Several people have also protested against the origin-of-life being lumped in with the development-of-species (or should we say kinds?). You can put it that way if you want, but it seems rather pointless. What’s the good of demonstrating that once Somebody put the molecules in place, and maybe even the first amoeba, everything else happened by itself? You’re still left with an omniscient, omnipotent Power, who could very well be quite angry with your habits of cursing, or stealing, or lying, or committing adultery, or hating others (which Jesus said is as bad as murder). He could quite well be telling the truth when he says that there is only one way to God, and that is through Jesus Christ’s death and resurrection. The whole attraction of evolution is the idea that life (the universe, and everything) came about completely on its own, and there is no supernatural being to whom we owe our existence, and thus our obedience. After all, where did those first molecules and atoms come from? I do question the Big Bang: where did the matter that was involved in the Big Bang come from? It seems to make more sense to believe in the self-sufficient existence of God, who is outside of scientifice categories, than of matter, which all our subsequent experience tells us cannot be created or destroyed.

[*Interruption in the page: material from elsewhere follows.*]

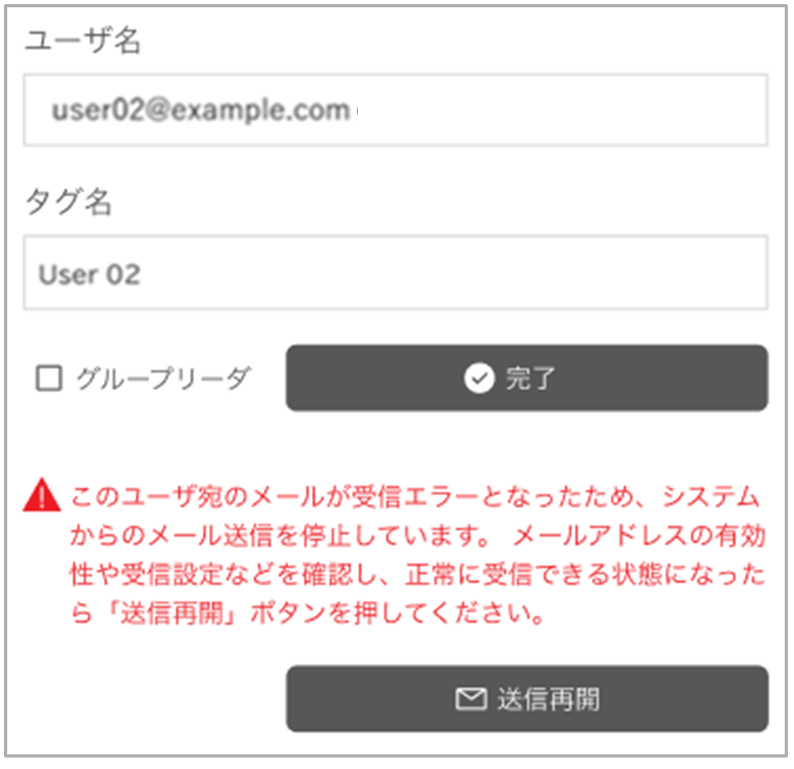 - メール送信停止状態のユーザがいる場合、[リソース管理]メニューの[ユーザ管理]の横に

I am very puzzled by the suggestion that a belief in young-earth creationism (so no, no billions of years for all these accumulated mutations to occur) is inconsistent with reasonable medical practice. A randomised, double-blinded, controlled trial is a very nice piece of testing hypotheses and producing results that later investigators should be able to reproduce. (Wouldn’t y’all approve of some skepticism towards pharmeceutical-run studies, though?) As Chris suggested, when someone can show me a randomised, double-blinded, controlled trial resulting in the evolution of new characteristics through completely chance means, I will be impressed. I think that evolutionists are sadly and seriously mistaken on a number of scientific subjects; but I don’t doubt the discoveries they are making about the structure of genes, or the genetic causes of diseases, or even the possibility of gene-therapy. Let’s give each other a little credit.
An exciting discussion. Semi-courteous arguments are always welcome.